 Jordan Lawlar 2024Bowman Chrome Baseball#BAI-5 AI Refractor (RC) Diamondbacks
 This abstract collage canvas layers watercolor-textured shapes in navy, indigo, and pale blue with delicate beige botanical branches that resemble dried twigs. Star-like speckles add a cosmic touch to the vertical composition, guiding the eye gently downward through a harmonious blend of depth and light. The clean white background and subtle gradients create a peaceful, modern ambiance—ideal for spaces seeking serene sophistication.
...
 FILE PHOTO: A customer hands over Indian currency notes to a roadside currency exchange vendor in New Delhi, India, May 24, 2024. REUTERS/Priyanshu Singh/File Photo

▶ _Work request_: For the material above, reproduce exactly the lines from the line with "Jordan Lawlar 2024Bowman" to the line with "This abstract collage", inclusive, and exclude all others.

▶ _Response for this exercise_:
 Jordan Lawlar 2024Bowman Chrome Baseball#BAI-5 AI Refractor (RC) Diamondbacks
 This abstract collage canvas layers watercolor-textured shapes in navy, indigo, and pale blue with delicate beige botanical branches that resemble dried twigs. Star-like speckles add a cosmic touch to the vertical composition, guiding the eye gently downward through a harmonious blend of depth and light. The clean white background and subtle gradients create a peaceful, modern ambiance—ideal for spaces seeking serene sophistication.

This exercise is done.